The NDVI-Cws method is therefore potentially useful for monitoring the water resources of Mediterranean olive groves. To reach this objective, however, the method should be adapted to cope with the spatially fragmented, two-layer structure of these groves. Contemporaneously, the method should be fed with widely available conventional and remote sensing datasets, without the need for a site-specific calibration which would limit its operational applicability. The current paper aims at evaluating this possibility using an experimental olive orchard in Central Italy. The proper characterization of this orchard requires the integration of remote sensing data with different spatial and temporal resolutions (i.e., MODIS, Landsat 8-OLI and Ikonos imagery). The olive tree transpiration estimates are first evaluated against daily sap flow measurements taken during part of the examined growing season (2013). Then, the ET_A estimates of trees and grasses are combined with precipitation data to obtain a simplified site water balance, which is assessed through comparison with daily measurements of soil water content (SWC).

2. Materials and Methods

2.1. Study Area

The study was conducted on an experimental olive orchard (Olea europaea L., cv. Leccino) situated in an agricultural area near Follonica, Tuscany (Central Italy, 42°55′58″N, 10°45′51″E; 17 m a.s.l.) (Figure 1). The area shows a typical sub arid Mediterranean climate with a mean annual air temperature of 16 °C. January is the coldest (9 °C) and July the warmest month (24 °C) and the mean diurnal thermal range is 9–10 °C. The mean annual precipitation is 650 mm, mostly concentrated in autumn and spring, while in summer precipitation is very scarce. Soil has a total depth of about 3 m; its surface layer (about 0.5 m) is silty loam, with a low amount of organic matter.

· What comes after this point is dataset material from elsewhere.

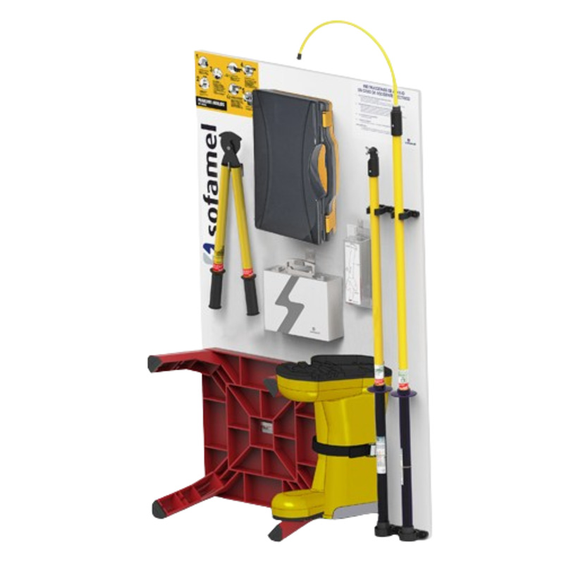 In the event of an electrical accident, speed of intervention is essential. This kit contains all the life-saving tools in one accessible location to allow rapid intervention when needed. Consists of a 1 x 1.6 m board with the following items: 1 36 kV insulating stool, 1 rescue pole BS-25 1 CTL-1000 professional multimeter with True RMS, 1 plastic box for gloves, 1 pair of class 0 gloves 1 60 cm x 1 m insulating mat with working voltage 1 kV, 1 pipette, 1 first aid diagram, 1 diagram with the five golden rules for automotive.

This olive orchard has been the subject of numerous studies, during which it has been fully characterized from an eco-physiological point of view (e.g. [28,29]). The orchard is mostly surrounded by other olive groves having varying tree densities and ages and extends over an area of about 0.1 ha, which was planted in 2003 with a 4 m × 4 m spacing [29]. In 2013, the mean height of the olive trees was about 3 m (Figure 2). Inter-tree areas are generally covered by several herbaceous native species. The olive orchard, usually grown in rainfed conditions, is managed with low intensity pruning of the canopy performed in February every year, while the herbaceous coverage of the soil is controlled by three to four passages made by a lawn mower along the vegetative season. The natural grass coverage results almost completely dried during the summer period.

2.2. Datasets

The current study utilized two datasets. The first, composed of satellite images and spatialized ancillary data, was used to drive the model applications; the second, composed of ground observations, was used to assess the model estimates.

2.2.1. Model Drivers

Standard meteorological data (i.e., air temperature and precipitation) were retrieved from a complete 1-km dataset of the Environmental Modelling and Monitoring Laboratory for Sustainable Development (LaMMA Consortium, Tuscany Region). These data were interpolated from the regional meteorological network applying the DAYMET algorithm [30].

Soil information on texture and depth was derived from the soil map of Tuscany produced by Tuscany Regional administration (see http://sit.lamma.rete.toscana.it/websuoli/).

MODIS NDVI images of 2013 were freely downloaded in a pre-processed format from the USGS database (http://lpdaac.usgs.gov). These images have a 250 m spatial resolution and are composited over 16-day periods.

Landsat 8 OLI images were also freely downloaded in a pre-processed format from http://landsat.usgs.gov/landsat8.php. For 2013, only five scenes were completely free from atmospheric disturbances over the study area: 13 April, 16 June, 3 August, 4 September and 7 November. These images, having a spatial resolution of 30 m, were already geometrically and atmospherically corrected, which allowed the computation of NDVI from bands 4 and 5.

A high spatial resolution image of the study olive grove was derived from Google Earth (https://earth.google.com/). This corresponded to an IKONOS pan-fused image collected on 5 June 2013, having a nominal spatial resolution around 1 m.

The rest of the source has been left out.